Saya orang asli Pulau Lombok sangat senang dengan acara ini. Selain menonton pasangan pengantin yang diarak bagaikan raja dan ratu alias Raja Sejelo ( raja sehari ), saya sangat terhibur dengan permainan dua penabuh Gendang Beleq dan kawan-kawan. 


Gak hanya kami saja yang menonton, tetapi para masyarakat setempat dan wisatawan baik domestik maupun mancanegara gak henti-hentinya mengabadikan moment demi moment di dalam sebuah kamera mereka masing-masing. Saat itu karena baterai kamera dslr saya sudah habis, untungnya ada salah satu personil yang memakai kamera Xiaomi Yi untuk mengabadikan prosesi acara nyongkolan, Alhamdulillah gak sia-sia kami bertemu dengan tradisi ini. 

Nyongkolan ini bisa dibilang merupakan puncak dari ritual pernikahan, dimana dipersatukannya seorang laki-laki ( teruna ) dan perempuan ( dedare ) dalam sebuah ikatan pernikahan yang sah menurut agama Islam dan diakui menurut adat setempat. 


Semua proses tersebut gak luput dari awal perkenalan seorang laki-laki dan perempuan yang saling mencintai. Setelah adanya kecocokan diantara kedua belah pihak, maka seorang laki-laki melamar kekasih hatinya kepada kedua orang tua perempuan. Sedikit bercerita bahwa di Pulau Lombok ini ada sebuah tradisi unik dimana seorang laki-laki yang ingin mempersunting pujaan hatinya, maka dia akan menculik calon istrinya. Setelah menculik, dari pihak laki-laki memberitahukan kepada orang tua calon istrinya bahwa anak perempuannya telah diculik, akhirnya mau gak mau orang tua perempuan menyetujuinya karena mengganggap laki-laki tersebut bersungguh-sungguh ingin menikahi anak perempuannya. Tradisi ini disebut dengan istilah merari ( melarikan ).

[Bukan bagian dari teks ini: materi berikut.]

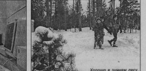
Хорошо в зимнем лесу.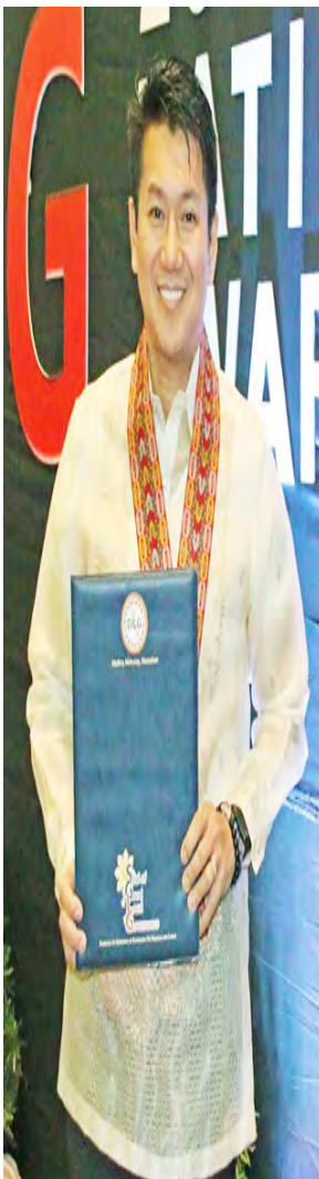
Mayor Emmanuel L. Maliksi ng Imus City, Cavite.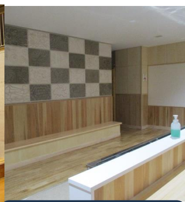
トイレ 綺麗なトイレがたくさん。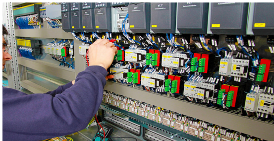
Elektrotechnik, Steuern und Regeln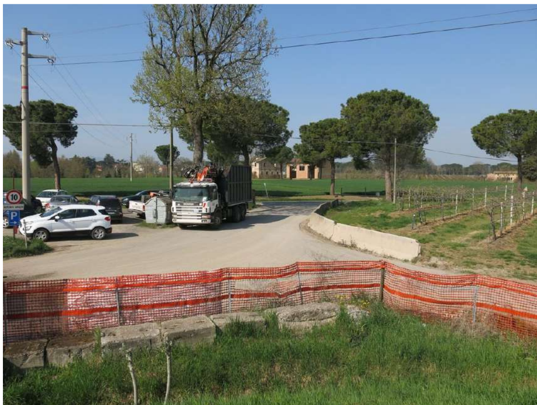
FOTO 027 - Ingresso all' area di cava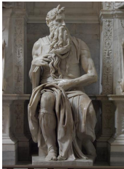
Lámina nº 3. Moisés (1509), Miguel Ángel Buonarroti, San Pietro in Vincoli, Roma.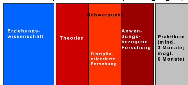
Abb.1: Sozialpädagogik als Hauptfach – Modulfelder MA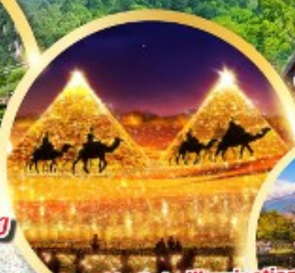
Nabana No Sato Illumination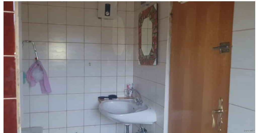
Bad Dachgeschosswohnung rechts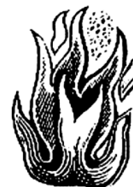
Figura 19. Imaginea este preluată din cartea: LEMON Alaina. - Between two Fires. Gypsy Performance and Romany Memory from Pushkin to Postsocialism. 2000. Durham & London, Duke University Press. - P. 1.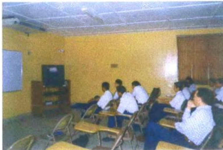
Ilustración y/o fotografía n°23

El vídeo mediatiza el proceso de adquisición de conocimientos que se relacionan con los que se tienen para construir y proyectar otros.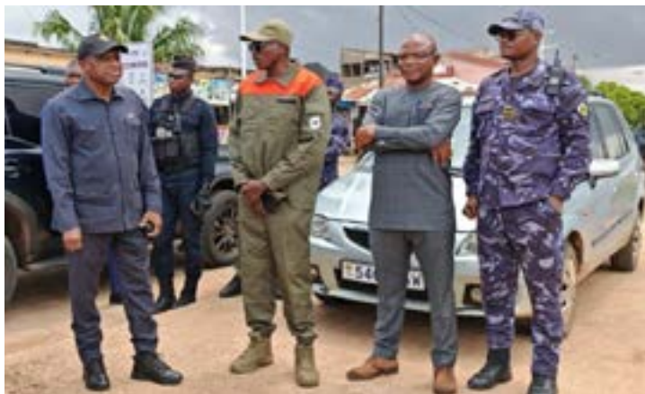
Col Calixte Madjoulba (gauche), ministre de la sécurité sur le terrain avec ses équipes réfléchissant aux solutions

Le déclenchement du plan ORSEC permet de mobiliser l'ensemble des acteurs de la Plateforme nationale de réduction des risques de catastrophes (PNRRC), sous la coordination opérationnelle de l'Agence nationale de la protection civile (ANPC). Les équipes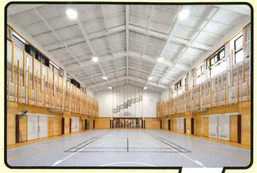
避難所機能を併せ持つアリーナ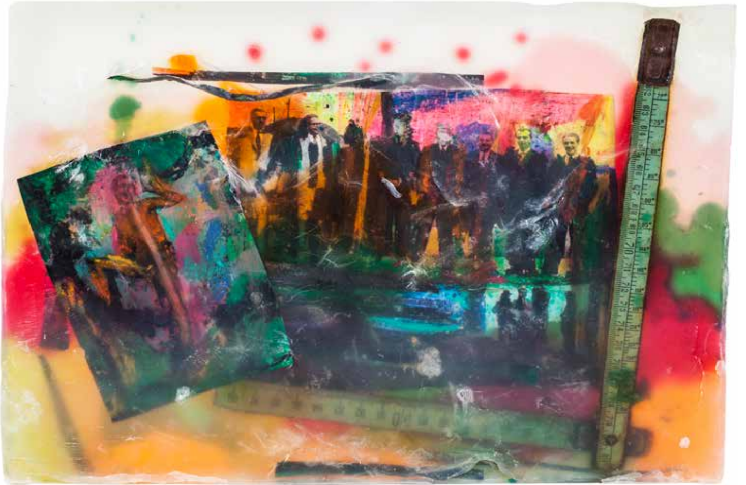
Medeniyet Ölçüsü/Measure of Civilization Renkli Sabun Bazı, Ahşap Mezura ve Kağıt ile Karışık Teknik Heykel Mixed Media Sculpture with Glycerine, Colored Soap Base, Paper and Other Found Objects. 8 x 4 x 8 cm

Seru juga tuh prosesnya, asalkan gak terjadi masalah diantara keluarga kedua belah pihak sih aman-aman saja. Setelah acara nyongkolan selesai, kami segera balik ke Kota Mataram biar gak kemalaman sampai rumah. Tontonan yang menarik sore itu, saya berangan-angan jika menikah nanti ingin diiringi oleh Gendang Beleq tetapi gak diarak-arak keliling desa, di dalam gedung saja sudah cukup. 

Gimana, Pulau Lombok itu gak hanya kece pantai, air terjun dan gunungnya saja, tetapi budayanya juga gak kalah kecenya. Selamat berlibur di Pulau Lombok !!!.